Essa rejogabilidade funciona muito bem porque o jogo não exige outra campanha longa para tentar algo novo. Os jogadores podem mudar a forma como lidam com o governo, interagem com vizinhos, investigam o apartamento ou gerenciam recursos para ver onde essas escolhas levam. Também existe um Challenge Mode que fica disponível após avançar na história principal, dando mais um motivo para voltar depois de descobrir alguns segredos do jogo.

Dystopicon fica estranho, e isso é bom
A melhor parte de Dystopicon é, provavelmente, o quão imprevisível ele pode ser. O jogo começa com uma rotina bem mundana de assistir TV, comer, limpar e tentar manter um bom rating. Aí, os eventos estranhos começam a se acumular e, de repente, você está investigando computadores, descobrindo informações ocultas, lidando com interferência do governo e se perguntando o que aconteceu com as pessoas que moravam no apartamento antes.
Também tem uma boa dose de humor ácido misturado com o cenário desconfortável. Algumas opções de diálogo são deliberadamente ridículas, o que ajuda a evitar que a atmosfera distópica fique pesada demais.

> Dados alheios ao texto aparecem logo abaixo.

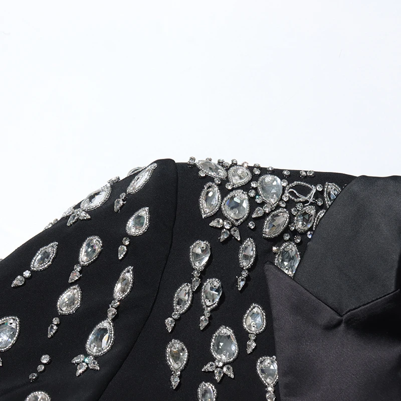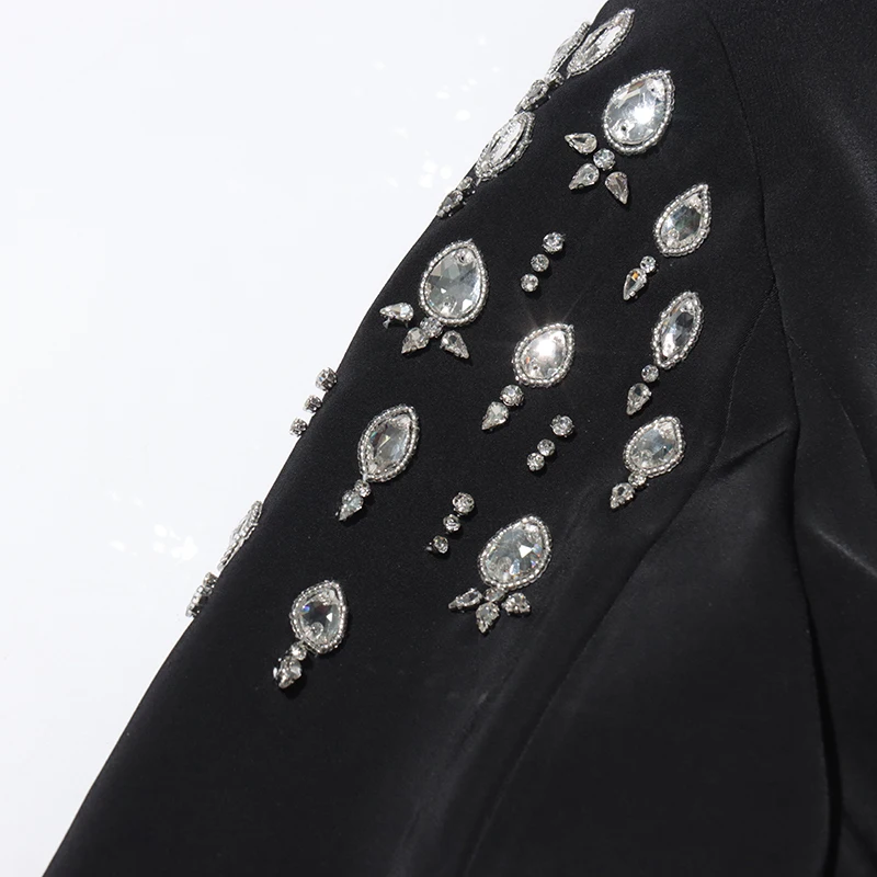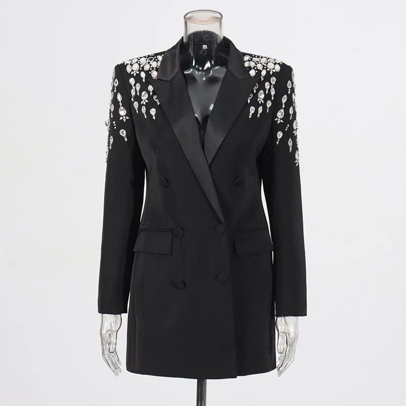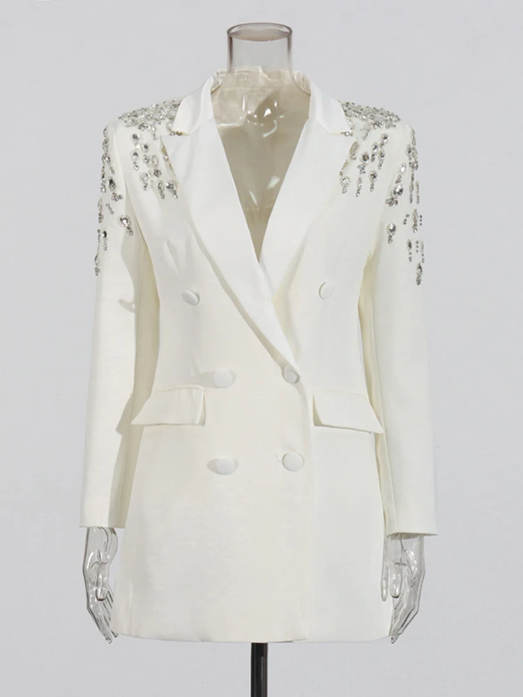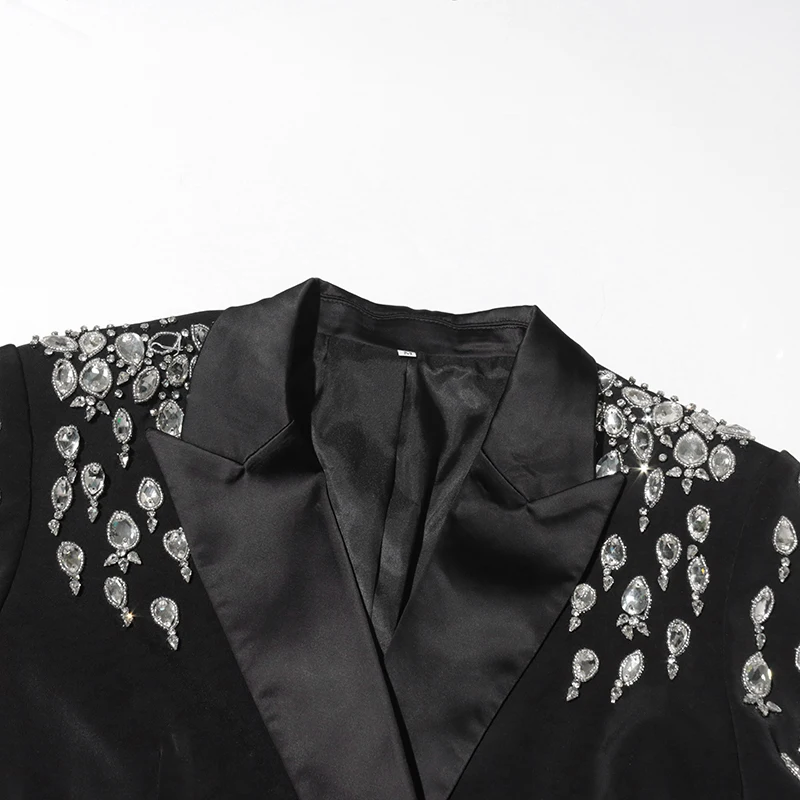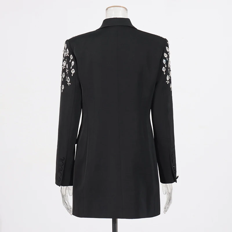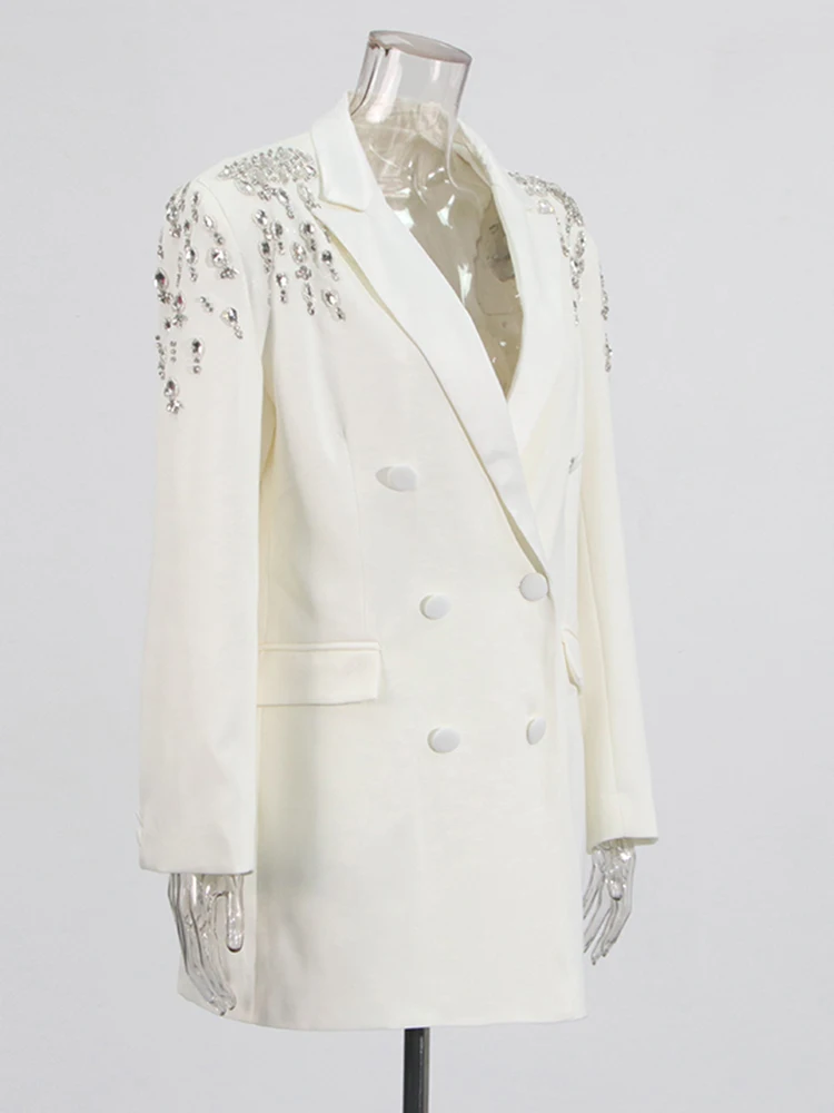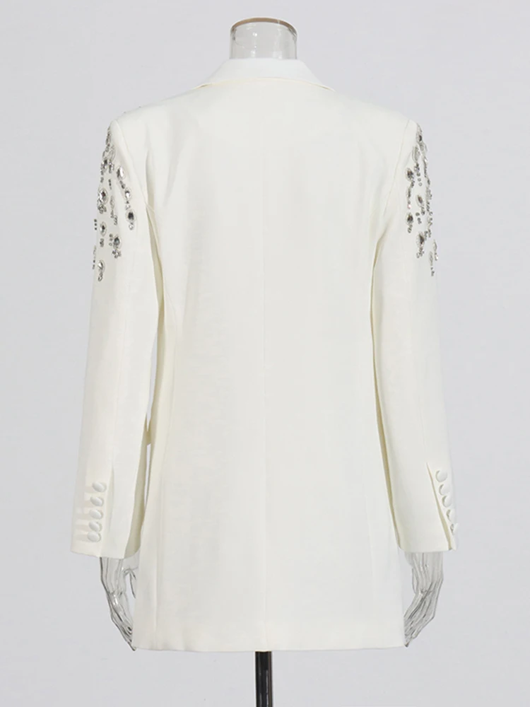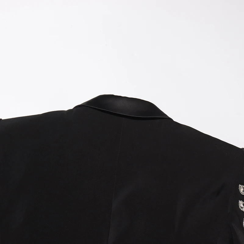 TWOTWINSTYLE Solid Patchwork Diamonds Chic Blazer For Women Notched Collar Long Sleeve Spliced Button Slimming Blazers Female

Em um momento você está lidando com propaganda governamental, e no outro está preocupado com um rato ou tomando uma decisão questionável envolvendo o manequim do apartamento. Essa mistura bizarra é uma grande parte do charme de Dystopicon.
Considerações Finais
Dystopicon causa uma ótima primeira impressão porque pega uma rotina comum e, aos poucos, a transforma em algo muito mais perturbador. Assistir televisão para ganhar dinheiro parece ridículo, mas quando você adiciona comida, saúde, conforto, vigilância do governo e ratings de cidadão na mistura, a rotina simples começa a fazer sentido.
O ponto mais forte do jogo é a curiosidade que ele desperta. Você começa a se perguntar o que tem atrás da próxima porta, o que o governo está escondendo, o que aconteceu com o inquilino anterior e quais escolhas podem levar a um dos outros finais. Nem todo mistério é claro de imediato, e alguns sistemas exigem um pouco de experimentação para entender, mas essa incerteza combina perfeitamente com um jogo focado em descobrir segredos.
Dystopicon não é uma aventura distópica tradicional, e é isso que faz valer a pena. É um simulador de vida estranho sobre sobreviver dentro de um sistema que promete conforto enquanto, aos poucos, tira a sua liberdade. Com 14 finais e muitos motivos para rejogar, fica claro que tem muito mais acontecendo atrás daquela tela de TV do que o governo quer que os cidadãos saibam.